- Origin: New York, United States
- Genre: Indie rock
- Years active: 1985–1987
- Labels: Remorse, Justine
- Past members: Mark Dumais Kurt Ralske Bill Carey Adam Wright Byron Guthrie Joss Cope Brian Bendlin Bob Huff David Bowman Doug Rollins Brian Foster

= Crash (UK band) =

Crash were an indie rock band formed in 1984 in New York City, centered on frontman-songwriter Mark Dumais, who took their name from the J. G. Ballard novel. The band moved to London in 1987. Crash released three singles and an album; several former members went on to form the bands Ultra Vivid Scene, John Moore's Expressway, and Something Pretty Beautiful.

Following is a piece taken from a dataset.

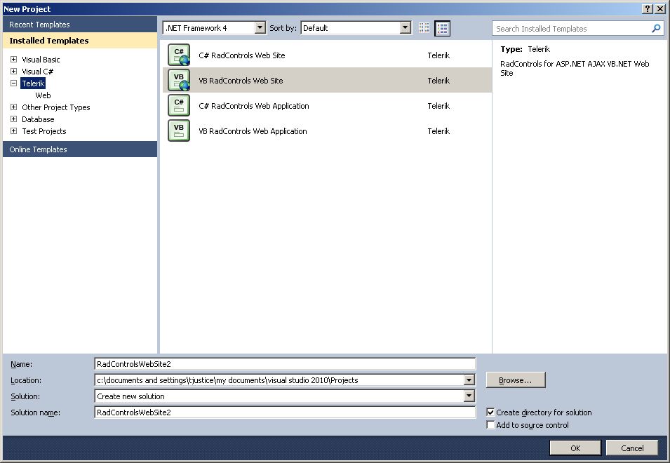 I was wondering if someone could give advice on how to best share development of a 'VB RadControls Web Site'. That is the option I selected when I selected a new project in VS2010, within the Telerik template group (see attachment). I want to share development between two people both running VS2010, publishing to the same IIS7 web server. We have two sites on that server, a test site on port 8001 and a live site will eventually run https on different port.

The band's line-up was Mark Dumais (vocals, guitar), Kurt Ralske (guitar, also of Nothing But Happiness), Bill Carey (guitar, formerly of Centrics), Adam Wright (bass), and Byron Guthrie (drums). They debuted with a 12" single, "Don't Look Now" in November 1986 on the Remorse label, followed the same month by another 12", "Almost". Their only album, I Feel Fine, was released in February 1987. A final single, "Bright Coloured Lights" was released in August 1987. When the group split up, Ralske formed Ultra Vivid Scene, Guthrie joined John Moore's Expressway and later joined Ralske in Ultra Vivid Scene, and Carey formed Something Pretty Beautiful. Joss Cope, brother of Julian Cope, played bass in the last lineup of the band. Mark Dumais signed to the Creation Records label under the name Tangerine, releasing an album in 1990. Dumais died of AIDS in the US in April 1992.

==Discography==

===Singles===
- "Don't Look Now" (1986) Remorse (UK)/Justine (US)
- "Almost" (1986) Remorse
- "Bright Coloured Lights" (1987) Remorse

===Albums===
- I Feel Fine (1987) Remorse

===Covers===
- Ultra Vivid Scene, "Don't Look Now (Now!)," Blood and Thunder (1993) 4AD
- Moth Wranglers, "Don't Look Now," Never Mind the Context (2001) Magnetic
- Bobine, (13 song album) I Had Fun Tonight - Songs by Mark Dumais and Crash, (2008) Beauty Bark Records
- LD Beghtol has performed multiple Crash songs live, including: "International Velvet" with The Three Terrors (Stephin Merritt, Beghtol, and Dudley Klute); "I've Got It in My Head" with Shirley Simms at a chickfactor soiree at Fez (NYC), in 2000; and "Everything Under the Sun" and "Don't Look Now" at the chickfactor 20th-anniversary parties in Washington, DC and Brooklyn in 2011 with members of Black Tambourine, Chessie and others.